Colloquium Event

Video From Applied Physics/Physics Colloquium: Mark Schnitzer - "Large-scale optical imaging studies of neural coding and computation in the neocortex"

Date
Tue May 24th 2022, 3:30pm
Event Sponsor
Applied Physics/Physics Colloquium
Department of Physics
Location
Hewlett Teaching Center370 Jane Stanford Way, Stanford, CA 94305200

For recordings of past colloquia, click on the colloquium title on the AP/Physics colloquium page for recent colloquia or on the archive page for earlier colloquia. 

 

Stanford University 

APPLIED PHYSICS/PHYSICS COLLOQUIUM

Tuesday, May 24, 2022 3:30 p.m. on campus in Hewlett Teaching Center, Rm. 200 

Refreshments served in Varian lobby at 4:45 p.m. 

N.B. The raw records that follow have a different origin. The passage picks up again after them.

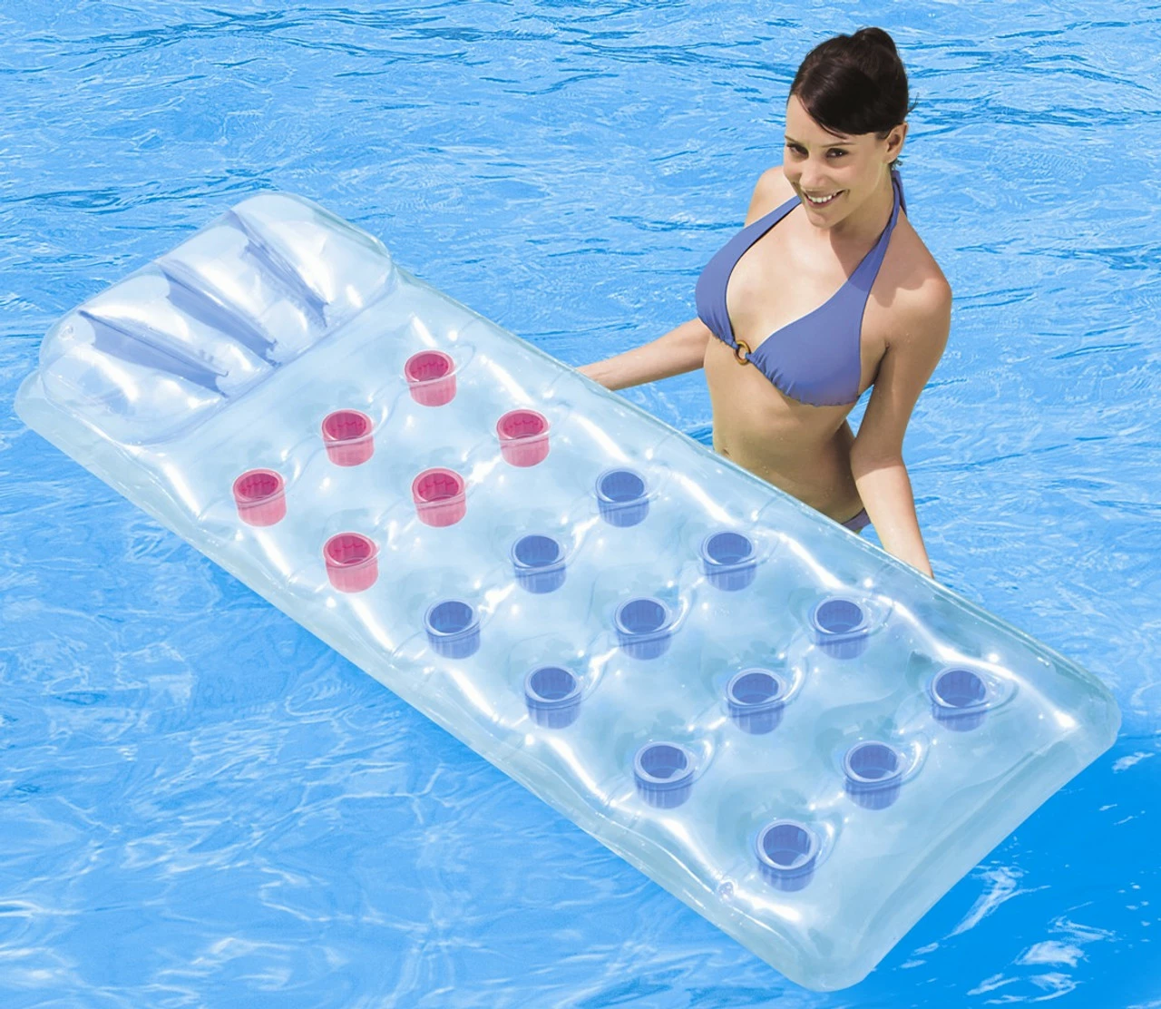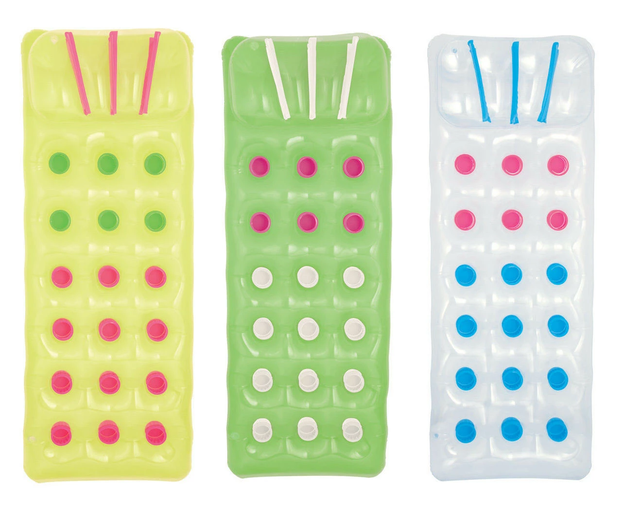 18 Pocket swimming pool lounger available in green, pearl and yellow, bright coloured pool lilo. Size 188 x 71cm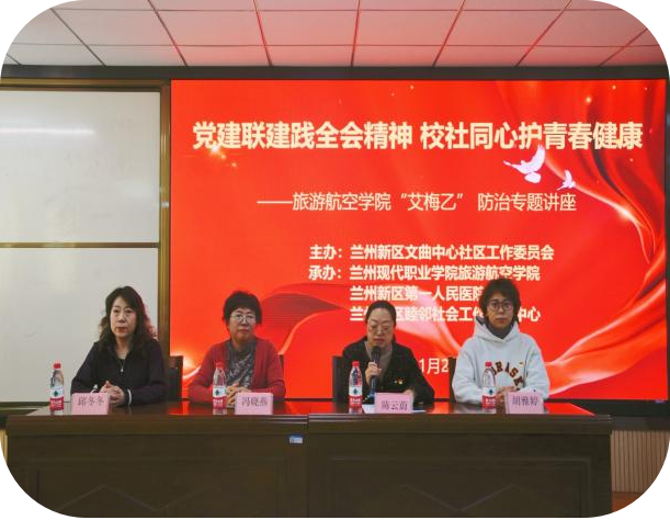 为深入学习贯彻党的二十届四中全会健康中国建设部署,增强大学生健康防护意识,更好地筑牢校园健康防线,围绕2025年“世界艾滋病日”“社会共治,守正创新,终结艾滋”宣传主题,11月28日下午,兰州现代职业学院旅游航空学院党总支联合党建共建单位兰州新区文曲中心社区工作委员会,与兰州新区第一人民医院、新区睦邻社会工作服务中心共同举办了“守护青春健康,共建和谐校园”“艾梅乙”防治专题讲座进校园活动。兰州新区文曲中心社区工作委员会邱冬冬书记、新区睦邻社会工作服务中心工作人员、学生骨干、心理委员及各班学生代表共百余人在阶梯教室参加了活动。活动由旅游航空学院专职副书记陈云蔚主持。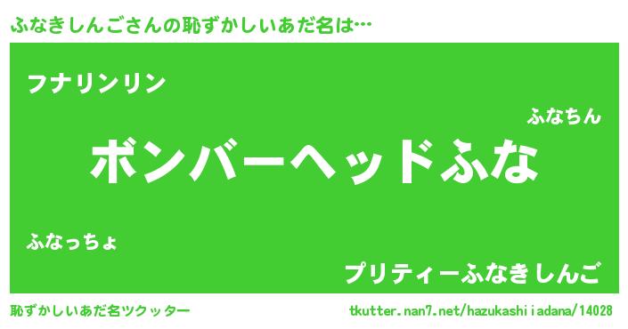| 男性向けラノベタイトル風あだ名 | 『ノーゲーム・ノーフナキシンゴ』 |
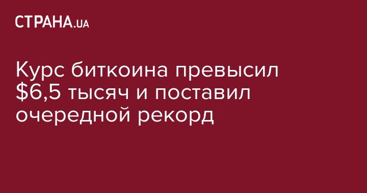 Курс биткоина превысил $6,5 тысяч и поставил очередной рекорд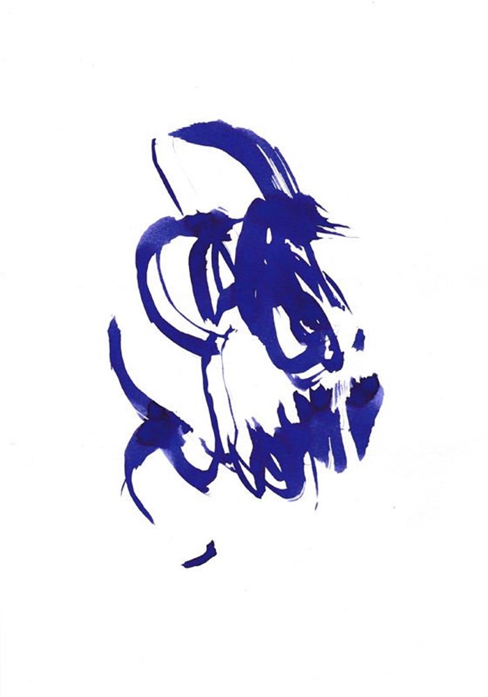 Malgré 1/20ème de vision qui lui reste, l'artiste peut encore s'exprimer, superposant des formes et des lignes en une fuite éperdue liée aux mouvements de la main et du poignet. Arabesques se dessinant à l'horizon du trait et enveloppant les rapports entre les masses, veines de lumière blanche traversant la matière noire, rouge ou bleue éclatée de l'encre de Chine, l'énergie de la création se libère à travers ce geste essentiel, libre dans sa contrainte, obstiné et toujours renouvelé.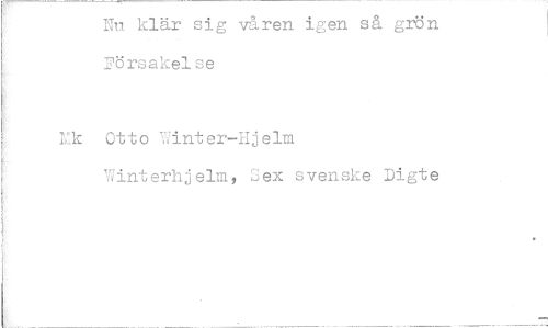 //// Nn klär sig våren igen så grön Försakelse //// mic Otto Winter—Hjelm //// Winterhjelm, Sex svenske Digte ////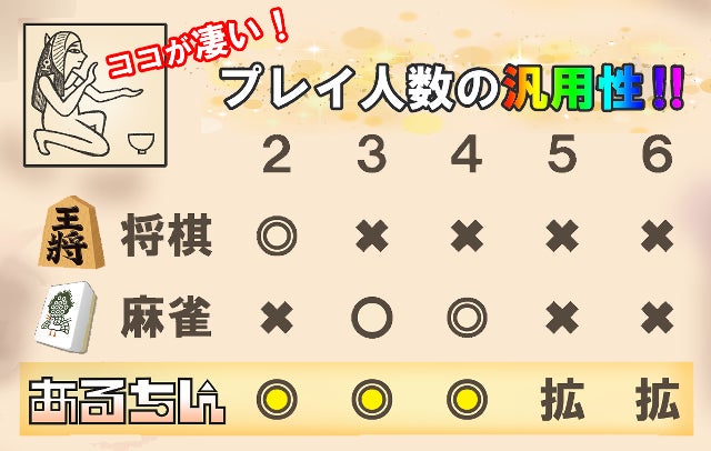 あるちんはあらゆるボードゲームの中でも人数の汎用性が非常に高いゲームとなっています。将棋は2人でしかできず、麻雀は3人ないし4人揃わないとプレイできず5人だと1人余ってしまいます。あるちんは2人でも4人でも、そしてスコアボードとチップを追加(拡張)するだけで最大10人までプレイすることができます。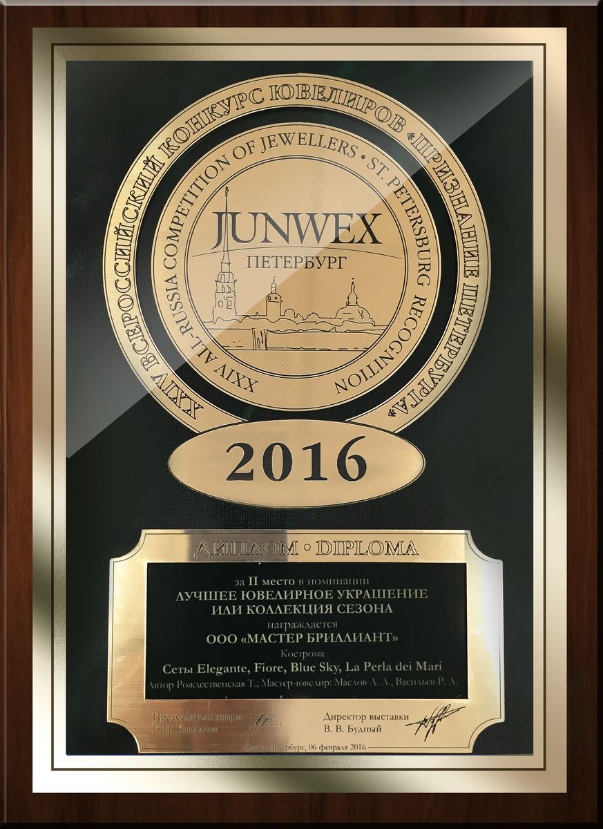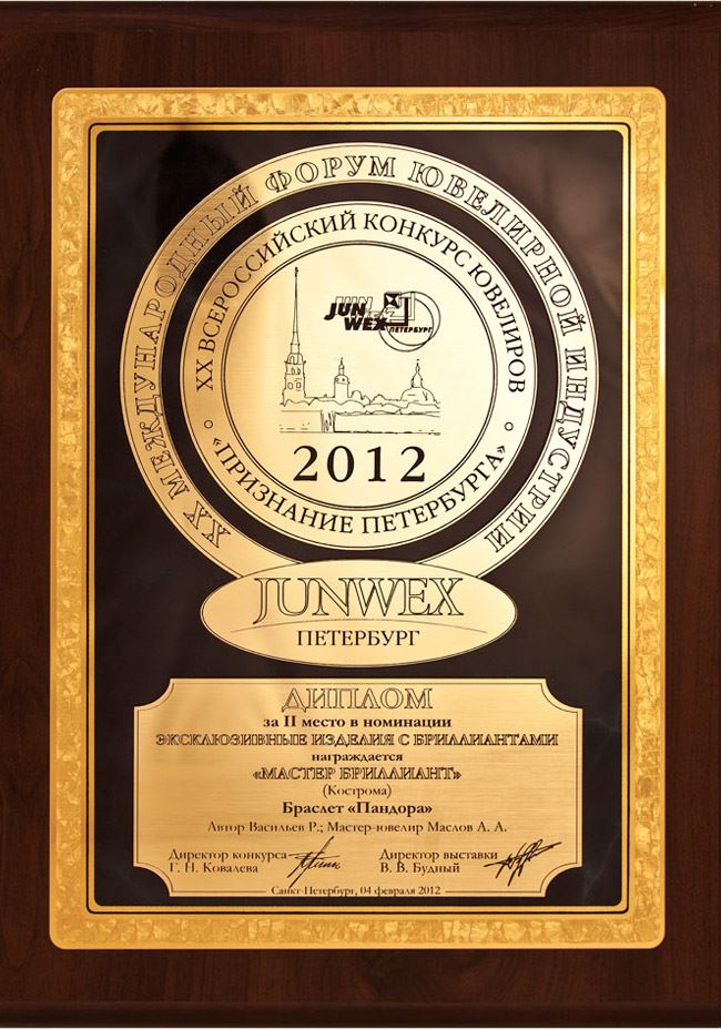 Диплом за II место в номинации "Лучшее украшение" на выставке JUNWEX ПЕТЕРБУРГ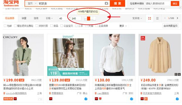 选款的价格上,我们可以通过对比此类产品的销售价格层级,选择符合销售价在这一层级中的产品。当然这里我们要算好进价和销售价格。例如下图,我们搜索衬衣女,可以看到60%的用户选择了价位在40-140之间的产品,那么我们在选款的时候,就应该选择销售价可以再40-60之间这一价位的产品。其流量必定会比其他少数用户喜欢的产品更高。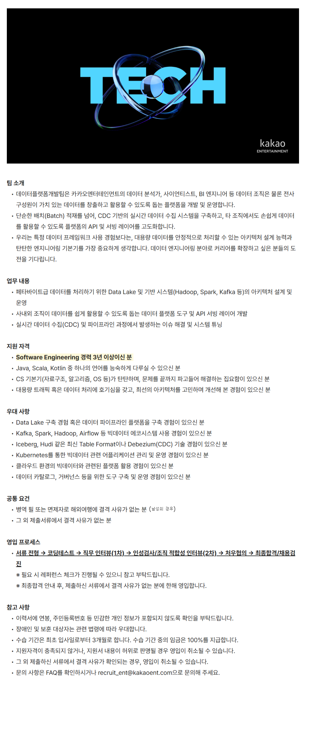 ÆÀ ¼Ò°³ ​ µ¥ÀÌÅÍÇ÷§Æû°³¹ßÆÀÀº ​īī¿À¿£ÅÍÅ×ÀÎ¸ÕÆ®ÀÇ ​µ¥ÀÌÅÍ ºÐ¼®°¡, ​»çÀÌ¾ðÆ¼½ºÆ®, BI ¿£Áö´Ï¾î µî ​µ¥ÀÌÅÍ ​Á¶Á÷Àº ¹°·Ð ​Àü»ç ±¸¼º¿øÀÌ °¡Ä¡ ​ÀÖ´Â µ¥ÀÌÅ͸¦ ​âÃâÇϰí ​Ȱ¿ëÇÒ ¼ö ​ÀÖµµ·Ï ​µ½´Â ​Ç÷§ÆûÀ» °³¹ß ¹× ​¿î¿µÇÕ´Ï´Ù. ´Ü¼øÇÑ ​¹èÄ¡(Batch) ÀûÀ縦 ³Ñ¾î, ​CDC ​±â¹ÝÀÇ ​½Ç½Ã°£ µ¥ÀÌÅÍ ¼öÁý ​½Ã½ºÅÛÀ» ±¸ÃàÇϰí, ​Ÿ ​Á¶Á÷¿¡¼­µµ ¼Õ½±°Ô ​µ¥ÀÌÅ͸¦ Ȱ¿ëÇÒ ​¼ö ​ÀÖµµ·Ï Ç÷§ÆûÀÇ API ​¹× ¼­ºù ​·¹À̾ °íµµÈ­ÇÕ´Ï´Ù. ¿ì¸®´Â ƯÁ¤ µ¥ÀÌÅÍ ÇÁ·¹ÀÓ¿öÅ© »ç¿ë °æÇ躸´Ù´Â, ´ë¿ë·® µ¥ÀÌÅ͸¦ ¾ÈÁ¤ÀûÀ¸·Î ó¸®ÇÒ ¼ö ÀÖ´Â ¾ÆÅ°ÅØÃ³ ¼³°è ´É·Â°ú źźÇÑ ¿£Áö´Ï¾î¸µ ±âº»±â¸¦ °¡Àå Áß¿äÇÏ°Ô »ý°¢ÇÕ´Ï´Ù. µ¥ÀÌÅÍ ¿£Áö´Ï¾î¸µ ºÐ¾ß·Î Ä¿¸®¾î¸¦ È®ÀåÇÏ°í ½ÍÀº ºÐµéÀÇ µµÀüÀ» ±â´Ù¸³´Ï´Ù. ¾÷¹« ³»¿ë ÆäŸ¹ÙÀÌÆ®±Þ µ¥ÀÌÅ͸¦ ó¸®Çϱâ À§ÇÑ Data Lake ¹× ±â¹Ý ½Ã½ºÅÛ(Hadoop, Spark, Kafka µî)ÀÇ ¾ÆÅ°ÅØÃ³ ¼³°è ¹× ¿î¿µ »ç³»¿Ü Á¶Á÷ÀÌ µ¥ÀÌÅ͸¦ ½±°Ô Ȱ¿ëÇÒ ¼ö ÀÖµµ·Ï µ½´Â µ¥ÀÌÅÍ Ç÷§Æû µµ±¸ ¹× API ¼­ºù ·¹ÀÌ¾î °³¹ß ½Ç½Ã°£ µ¥ÀÌÅÍ ¼öÁý(CDC) ¹× ÆÄÀÌÇÁ¶óÀÎ °úÁ¤¿¡¼­ ¹ß»ýÇÏ´Â À̽´ ÇØ°á ¹× ½Ã½ºÅÛ Æ©´× Áö¿ø ÀÚ°Ý Software Engineering °æ·Â 3³â ÀÌ»óÀ̽ŠºÐ Java, Scala, Kotlin Áß ÇϳªÀÇ ¾ð¾î¸¦ ´É¼÷ÇÏ°Ô ´Ù·ç½Ç ¼ö ÀÖÀ¸½Å ºÐ CS ±âº»±â(ÀڷᱸÁ¶, ¾Ë°í¸®Áò, OS µî)°¡ źźÇϸç, ¹®Á¦¸¦ ³¡±îÁö ÆÄ°íµé¾î ÇØ°áÇÏ´Â Áý¿äÇÔÀÌ ÀÖÀ¸½Å ºÐ ´ë¿ë·® Æ®·¡ÇÈ È¤Àº µ¥ÀÌÅÍ Ã³¸®¿¡ È£±â½ÉÀ» °®°í, ÃÖ¼±ÀÇ ¾ÆÅ°ÅØÃ³¸¦ °í¹ÎÇÏ¸ç °³¼±ÇØ º» °æÇèÀÌ ÀÖÀ¸½Å ºÐ

Face coverings required in classrooms 

 

Zoom link:    https://stanford.zoom.us/j/96200437797

 

Password: email skannan2 [at] stanford.edu (skannan2[at]stanford[dot]edu) for password.

 

Mark Schnitzer 

Stanford University 

 

"Large-scale optical imaging studies of neural coding and computation in the neocortex" 

 

Optical techniques have become central to research at the forefront of brain science and are still rapidly increasing in their breadth and importance to the field. For instance, the United States Brain Research through Advancing Innovative Neurotechnologies (BRAIN) Initiative has as one of its priorities the aim of fostering continued innovation in this domain. I will present recent advances in optical brain imaging, which have allowed the visualization of large-scale neural coding in behaving animals as well as optical readouts of neuronal voltage oscillations. I will then describe how optical brain imaging has provided key insights into a fundamental problem first highlighted by John von Neumann, that of explaining how the brain achieves high-fidelity coding and computation despite the highly stochastic dynamics of individual neurons. Imaging studies at Stanford of the mouse visual cortex have revealed that dynamical fluctuations are correlated across large populations of individual neurons and across time-scales from seconds to days, enabling signal decoding schemes that use the statistical structure of this correlated variability to improve the reliability of signal transmission. Moreover, in mice performing a visual discrimination task, the neocortex encodes visual data and the mouse's task responses in orthogonal, non-interfering communication streams. Overall, by providing experimental access to the dynamics of thousands of neurons in behaving animals, optical techniques are uncovering the brain's basic computational principles.